> **Material provided**
BEGIN
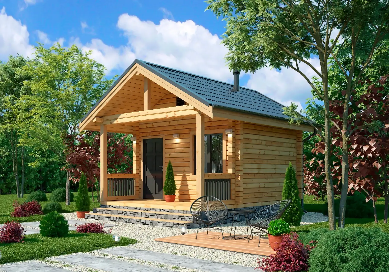 Представляем маленькуюPinUp баню 4х4 площадью 13,2 м2, которая сочетает в себе PinUp функциональность и природное очарование.
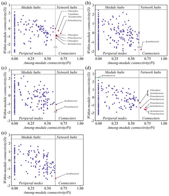 A Zi-Pi plot showing the distribution of OTUs based on their topological roles in the bacteria networks under CK (a), N1 (b), N2 (c), N3 (d) and N4 (e), respectively. The threshold values of Zi and Pi for categorizing the OTUs were 2.5 and 0.62, respectively.
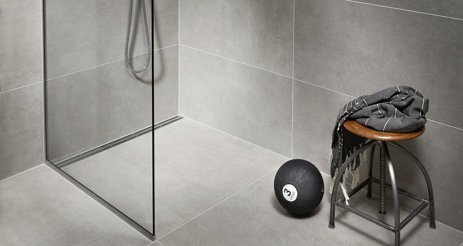 – I GlassLine er gulvafløb og brusevæg bygget sammen i en ramme. Rammen har et indbygget fald på 2 procent ned mod afløbet, så det er let at holde styr på faldet. Du monterer rammen med skruer i væggen og støber gulvet inde i rammen. Derved opnår du et fald, som lever op til gældende krav. Når gulvet er tørt, tætnes løsningen yderligere med vådrumsmembran, inden fliserne lægges, siger Lasse Lyck og fortsætter:
END
> **Exercise details**
Print the listing word for word, but omit the pictures.

> **Problem solution**
 Представляем маленькуюPinUp баню 4х4 площадью 13,2 м2, которая сочетает в себе PinUp функциональность и природное очарование.
 A Zi-Pi plot showing the distribution of OTUs based on their topological roles in the bacteria networks under CK (a), N1 (b), N2 (c), N3 (d) and N4 (e), respectively. The threshold values of Zi and Pi for categorizing the OTUs were 2.5 and 0.62, respectively.
 – I GlassLine er gulvafløb og brusevæg bygget sammen i en ramme. Rammen har et indbygget fald på 2 procent ned mod afløbet, så det er let at holde styr på faldet. Du monterer rammen med skruer i væggen og støber gulvet inde i rammen. Derved opnår du et fald, som lever op til gældende krav. Når gulvet er tørt, tætnes løsningen yderligere med vådrumsmembran, inden fliserne lægges, siger Lasse Lyck og fortsætter:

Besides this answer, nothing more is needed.